# Deployment Guide
## Launching DeepBoner: Gradio, MCP, & Modal

---

## Overview

DeepBoner is designed for a multi-platform deployment strategy to maximize hackathon impact:

1. **HuggingFace Spaces**: Host the Gradio UI (User Interface).
2. **MCP Server**: Expose research tools to Claude Desktop/Agents.
3. **Modal (Optional)**: Run heavy inference or local LLMs if API costs are prohibitive.

---

## 1. HuggingFace Spaces (Gradio UI)

**Goal**: A public URL where judges/users can try the research agent.

### Prerequisites
- HuggingFace Account
- `gradio` installed (`uv add gradio`)

### Steps

1. **Create Space**:
   - Go to HF Spaces -> Create New Space.
   - SDK: **Gradio**.
   - Hardware: **CPU Basic** (Free) is sufficient (since we use APIs).

2. **Prepare Files**:
   - Ensure `app.py` contains the Gradio interface construction.
   - Ensure `requirements.txt` or `pyproject.toml` lists all dependencies.

3. **Secrets**:
   - Go to Space Settings -> **Repository secrets**.
   - Add `ANTHROPIC_API_KEY` (or your chosen LLM provider key).
   - Add `BRAVE_API_KEY` (for web search).

4. **Deploy**:
   - Push code to the Space's git repo.
   - Watch "Build" logs.

### Streaming Optimization
Ensure `app.py` uses generator functions for the chat interface to prevent timeouts:
```python
# app.py
def predict(message, history):
    agent = ResearchAgent()
    for update in agent.research_stream(message):
        yield update
```

---

## 2. MCP Server Deployment

**Goal**: Allow other agents (like Claude Desktop) to use our PubMed/Research tools directly.

### Local Usage (Claude Desktop)

1. **Install**:
   ```bash
   uv sync
   ```

2. **Configure Claude Desktop**:
   Edit `~/Library/Application Support/Claude/claude_desktop_config.json`:
   ```json
   {
     "mcpServers": {
       "deepboner": {
         "command": "uv",
         "args": ["run", "fastmcp", "run", "src/mcp_servers/pubmed_server.py"],
         "cwd": "/absolute/path/to/DeepBoner"
       }
     }
   }
   ```

3. **Restart Claude**: You should see a 🔌 icon indicating connected tools.

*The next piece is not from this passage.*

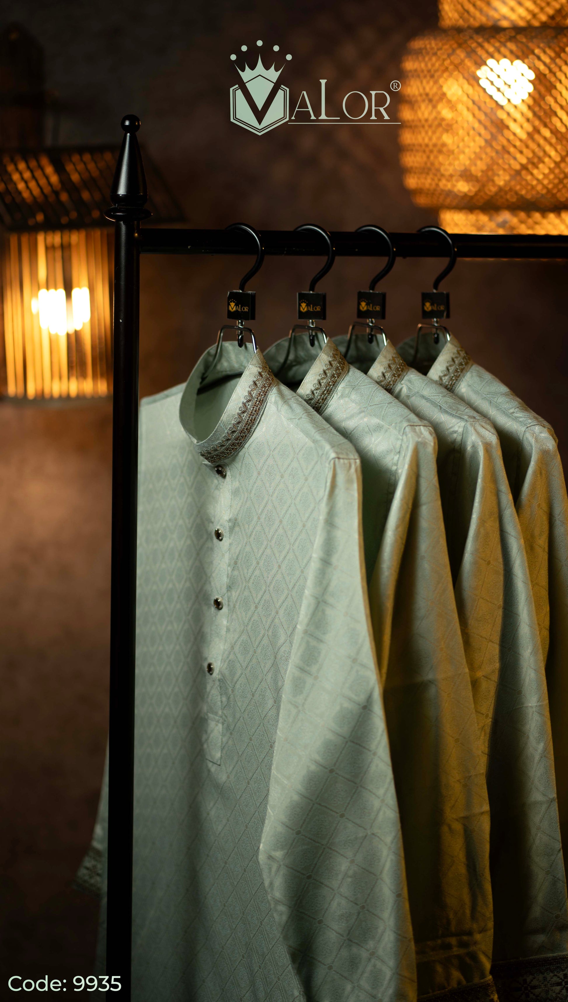 Store your VALOR Panjabi in a cool, dry place, away from direct sunlight, to prevent fabric discoloration. Cover it with a breathable garment bag to protect it from dust.
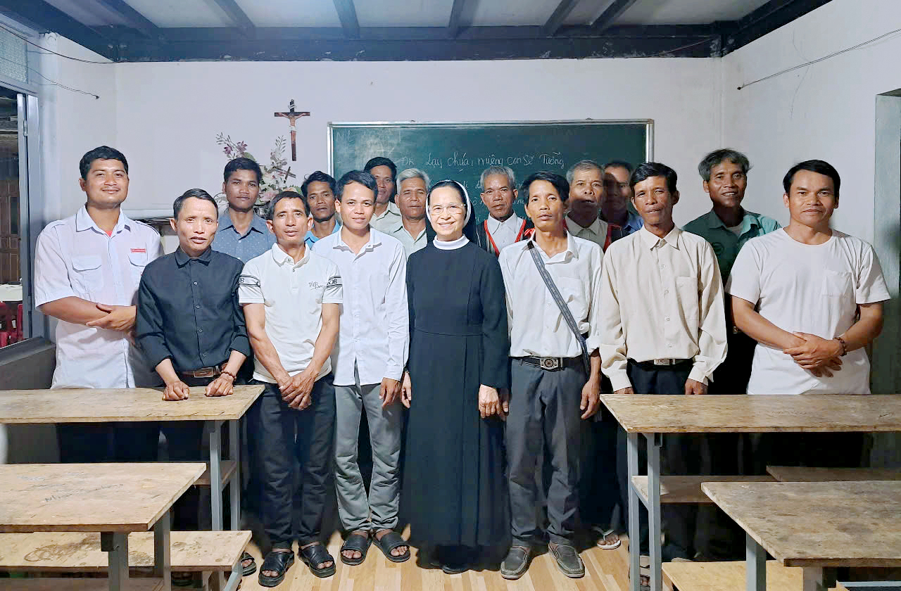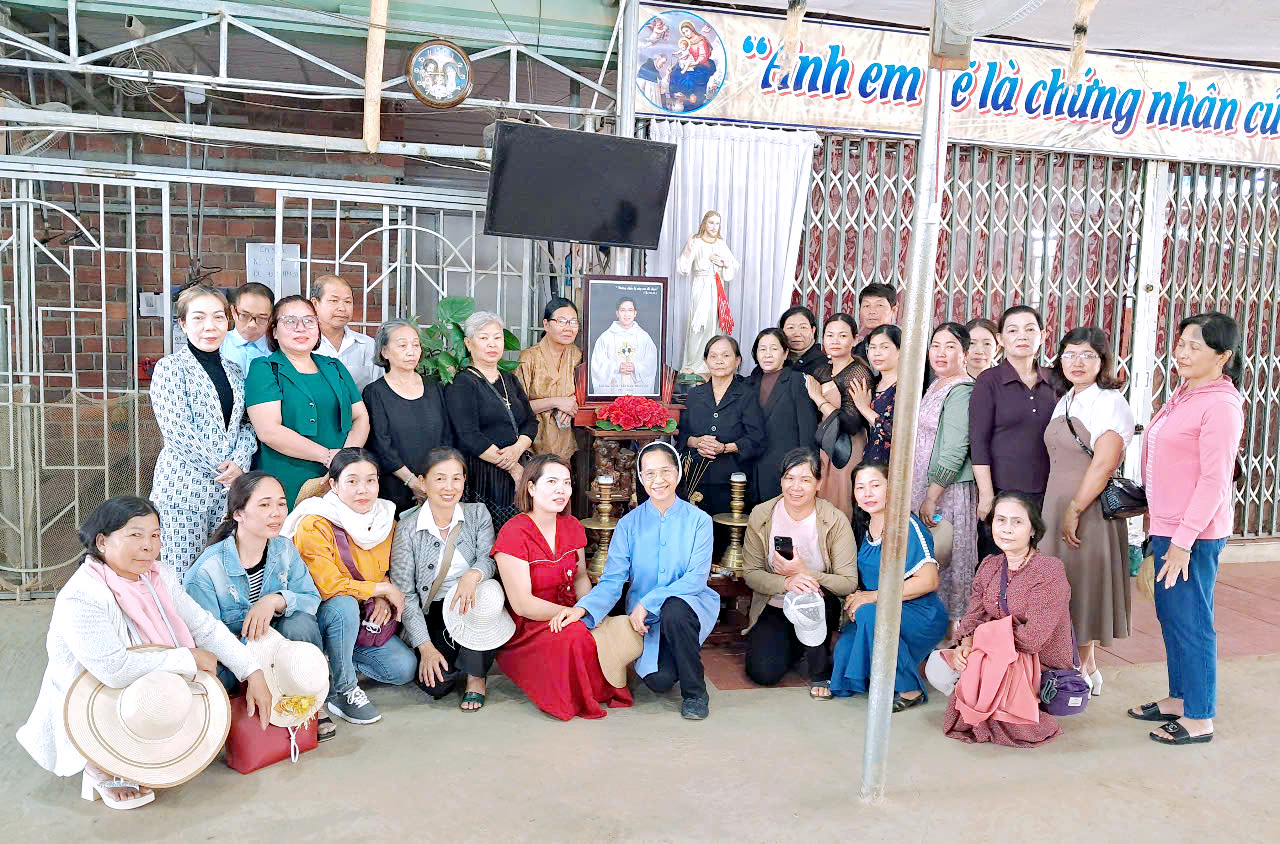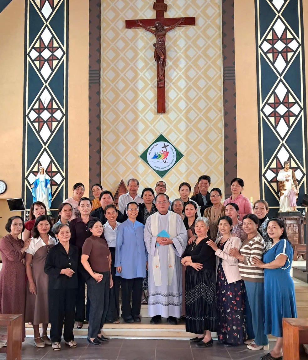 Từ ngày 29 đến 30 tháng 4, chị Maria Trần Thị Thúy Nga - trưởng ban LBTM của Dòng, và chị Trần Thị Thùy Trang - thành viên, đã đến thăm giáo xứ De Sơmei, nơi hai chị em cộng đoàn Kroong, từ tháng 2.2025, mỗi tháng một tuần đã đến để đồng hành, hướng dẫn một số công việc cho các chú Giáo phu, Giáo lý viên…theo sắp xếp của cha xứ. Các chị cũng trao đổi với cha xứ để tìm hiểu thêm và cụ thể về nhu cầu truyền giáo tại vùng chị em mới hiện diện này để có thể hỗ trợ phù hợp và hiệu quả. Thời gian ở tại giáo xứ tuy ngắn nhưng hai chị đã nhiệt tình chia sẻ công việc trong ngày lễ bổn mạng giáo xứ; đồng thời cũng là ngày Đức Cha Giáo phận đến ban Bí tích Thêm sức cho gần 70 em thiếu nhi. Các chị cũng dành thời gian thăm viếng một số gia đình trong giáo xứ. Chiều ngày 01.5.2025, hai chị về thăm và làm việc tại cộng đoàn Gia Le.

### Remote Deployment (Smithery/Glama)
*Target for "MCP Track" bonus points.*

1. **Dockerize**: Create a `Dockerfile` for the MCP server.
   ```dockerfile
   FROM python:3.11-slim
   COPY . /app
   RUN pip install fastmcp httpx
   CMD ["fastmcp", "run", "src/mcp_servers/pubmed_server.py", "--transport", "sse"]
   ```
   *Note: Use SSE transport for remote/HTTP servers.*

2. **Deploy**: Host on Fly.io or Railway.

---

## 3. Modal (GPU/Heavy Compute)

**Goal**: Run a local LLM (e.g., Llama-3-70B) or handle massive parallel searches if APIs are too slow/expensive.

### Setup
1. **Install**: `uv add modal`
2. **Auth**: `modal token new`

### Logic
Instead of calling Anthropic API, we call a Modal function:

```python
# src/llm/modal_client.py
import modal

stub = modal.Stub("deepboner-inference")

@stub.function(gpu="A100")
def generate_text(prompt: str):
    # Load vLLM or similar
    ...
```

### When to use?
- **Hackathon Demo**: Stick to Anthropic/OpenAI APIs for speed/reliability.
- **Production/Stretch**: Use Modal if you hit rate limits or want to show off "Open Source Models" capability.

---

## Deployment Checklist

### Pre-Flight
- [ ] Run `pytest -m unit` to ensure logic is sound.
- [ ] Run `pytest -m e2e` (one pass) to verify APIs connect.
- [ ] Check `requirements.txt` matches `pyproject.toml`.

### Secrets Management
- [ ] **NEVER** commit `.env` files.
- [ ] Verify keys are added to HF Space settings.

### Post-Launch
- [ ] Test the live URL.
- [ ] Verify "Stop" button in Gradio works (interrupts the agent).
- [ ] Record a walkthrough video (crucial for hackathon submission).